AFL-CIO President Richard Trumka weighed in as well:

This draft leaves standing the worst and most oppressive parts of NAFTA. It leaves in place the right of foreign investors to sue the U.S. in private tribunals in order to skirt health, safety and environmental laws. On other important issues, including rules of origin for automobiles, labor and environmental standards, currency misalignment and procurement, the draft plan is either silent or so vague that it could be describing the now defunct Trans-Pacific Partnership - an agreement working people wholeheartedly opposed.

Rewriting the rules of our economy, and specifically changing the way we do trade, was one of the most important issues that voters went to the polls on. If the president wants to keep his promises, he needs to bring that same tough stance he had on the campaign trail to renegotiating America’s trade deals.

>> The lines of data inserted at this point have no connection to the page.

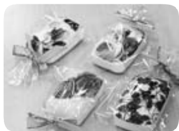
好評だった石鱈デコパージュ

「ミニ手芸」では、「石鱈デコパージュ」を作りました。なかなか好評でした。その後、分会やお仲間とやらから問合せ続出でした。終了後、主婦の会では初めて支部4役との懇談会を行いました。
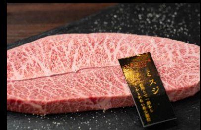
近江牛ミスジステーキ
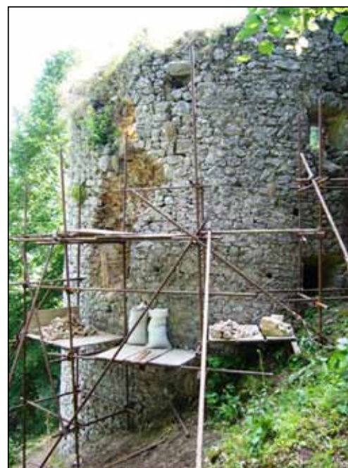
Príprava pred murárskym zásahom na Poludňovej bašte
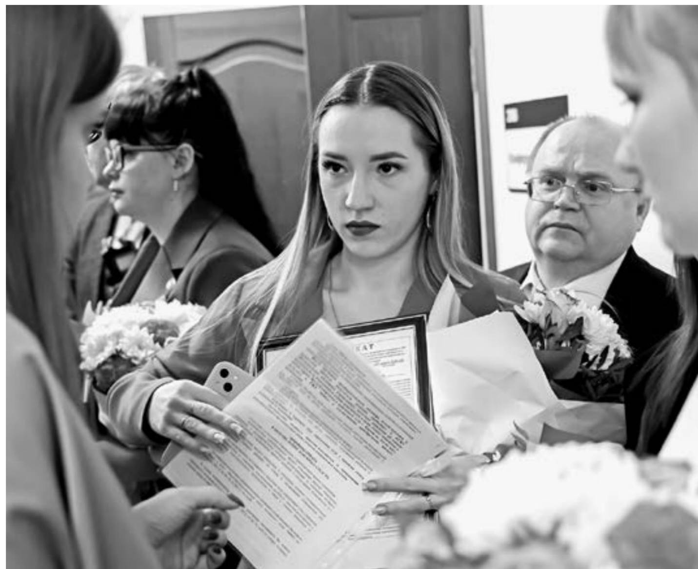
Мечта о собственном жилье теперь становится реальностью.

Губернатор особо подчеркнул, что в Алтайском крае и в ряде других регионов, у которых сложилась такая же история с обеспечением прав на жильё детей-сирот, накопилась огромная очередь. Финансовые возможности региона, и то, что может делать строительный комплекс, по-
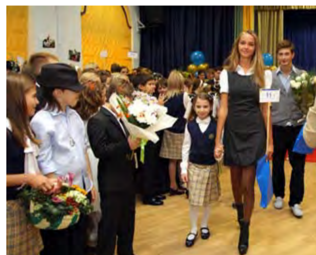
Мы помним школьное детство...
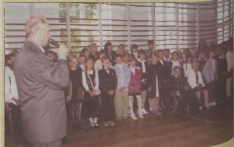
Szkoła Podstawowa nr 2 w Turku
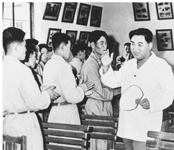
Præsident Kim Il Sung besøger en militær enhed i 1962.

Kammerat Kim Il Sung vil blive husket som en stor leder af den første uafhængige, socialistiske Korea igennem et halvt århundrede og som en stor anti-imperialist.
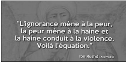
Ibn Rushd (Averroès)
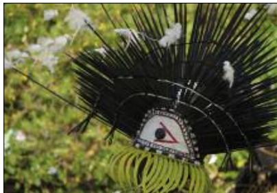
The spirit of the Urchin, neqet dance (Lahlap, Motalava)

One context in which music also formalises the bond between the living and the dead is that of secret societies (Vienne 1984, 1996). Boys of a same age group gather together, somewhere in the forest, under the aegis of a protective divinity, and learn from their elders a number of songs, dances and instruments reserved to the initiated. At the end of this period of reclusion, these
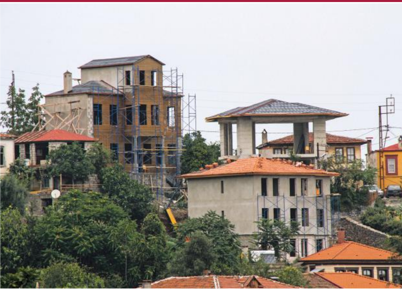
Restorasyonu devam eden 3.tesis
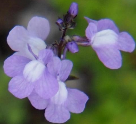
マツバウンラン(松葉海蘭) ラン科 北アメリカ原産の帰化植物
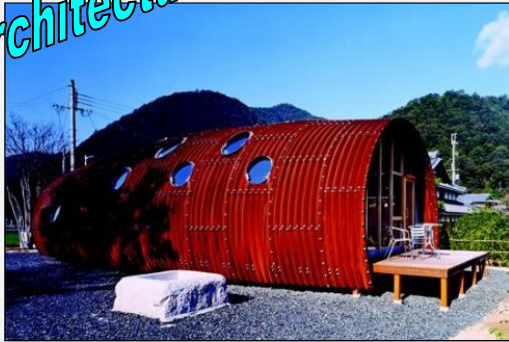
Bâtiment fait de tôles ondulées au Japon
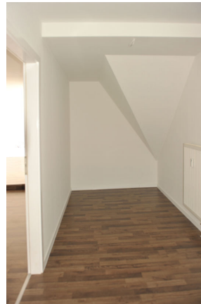
ISS 15, WE 4, Flur.png

Politico's Morning Trade carried reactions from Democrats in Congress:

Rep. Bill Pascrell, the ranking member of the House Ways and Means Trade Subcommittee, called it "baffling" that the draft left out currency manipulation, which Trump had made a signature campaign issue - "let alone call for strong and enforceable commitments." "And I do not get the sense that the administration yet understands the importance of ensuring full implementation of international labor standards in Mexico to ensure the competitiveness of U.S. workers in the North American market," the New Jersey lawmaker added in a statement.

So there it is. The guy who set up Trump University has now set up the Trump administration. It is staffed by family members, Breitbart editors, kooks, and, of course, the upper crust of the very "financial elite" he supposedly ran against.

After scarcely two months in office, the new administration is under investigation for violations ranging from breaking ethics rules to corruption and espionage. Trump has spent roughly a third of his time as president vacationing at his Mar-a-Lago golf resort in Florida and other Trump properties, with the government paying a huge tab - to him - for Secret Service, staffers and others who are along for the ride.

He said what he had to say to win. Now we're stuck.